A command injection vulnerability, disclosed last year and documented as CVE-2023-1389, was identified and patched in the TP-Link Archer AX21 (AX1800) routers. According to a recent report from the Cato CTRL team, unpatched TP-Link Archer routers have become the focus of a new botnet campaign called Ballista, resulting in over 6,000 impacted devices globally. CVE-2023-1389 was a high-severity vulnerability (CVSS 8.8) in TP-Link Archer routers. Proof-of-concept exploit code was available soon after the security advisories became public. Multiple reports of exploitation involving several botnets, including three Mirai variants, Condi, and AndroxGh0st, targeted unpatched devices.
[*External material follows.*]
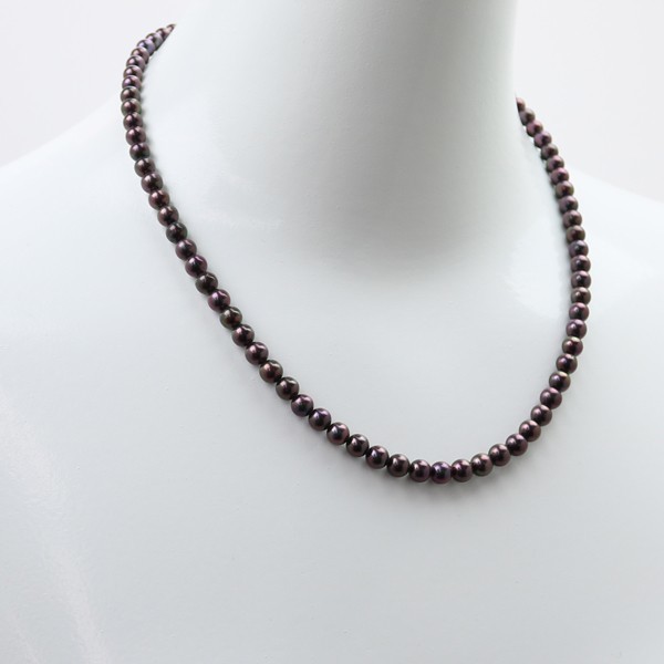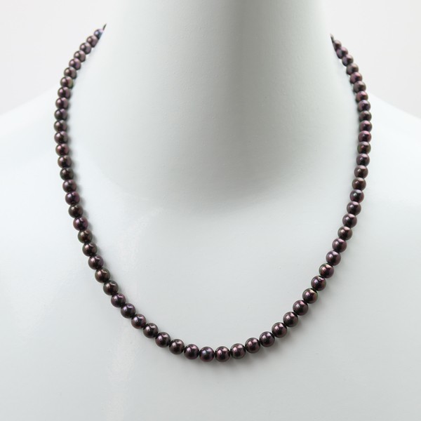 あこや真珠5.0-5.5mm黒真珠パールネックレスです。 | ブラック基調に赤みが入り色テリ綺麗です。ヨーロッパで人気のチョコレートカラーになります。 | |||

According to Cato CTRL’s report, this Ballista campaign was first identified earlier this year on January 10, and the most recent exploitation attempt was recorded on February 17.
This botnet uses a bash script dropper to install malware on TP-Link Archer routers, which allows remote code execution (RCE) and denial-of-service (DoS) attacks. Researchers link Ballista to an Italian-based threat actor based on the Italian-language code strings and an IP address traced to Italy. The botnet seems to be undergoing active development, as attackers now utilize domains from the Tor network. This modification improves the botnet’s stealth, making tracking and disruption more challenging.
The malware establishes a TLS-encrypted command and control (C2) channel on port 82, allowing attackers to gain complete control over compromised devices after successful deployment. It can execute shell commands, extract sensitive files, and conduct large-scale cyberattacks. Furthermore, the malware can terminate earlier versions of itself and erase its presence once it begins execution.
A search on Censys, an attack surface management platform, showed over 6,000 vulnerable TP-Link routers, indicating the botnet remains active. The botnet has primarily targeted manufacturing, healthcare, technology, and service industries across the U.S., Australia, China, and Mexico. Users should upgrade their device firmware as per the vendor’s instructions. Keeping firmware updated and implementing network security best practices is crucial to preventing large-scale cyberattacks.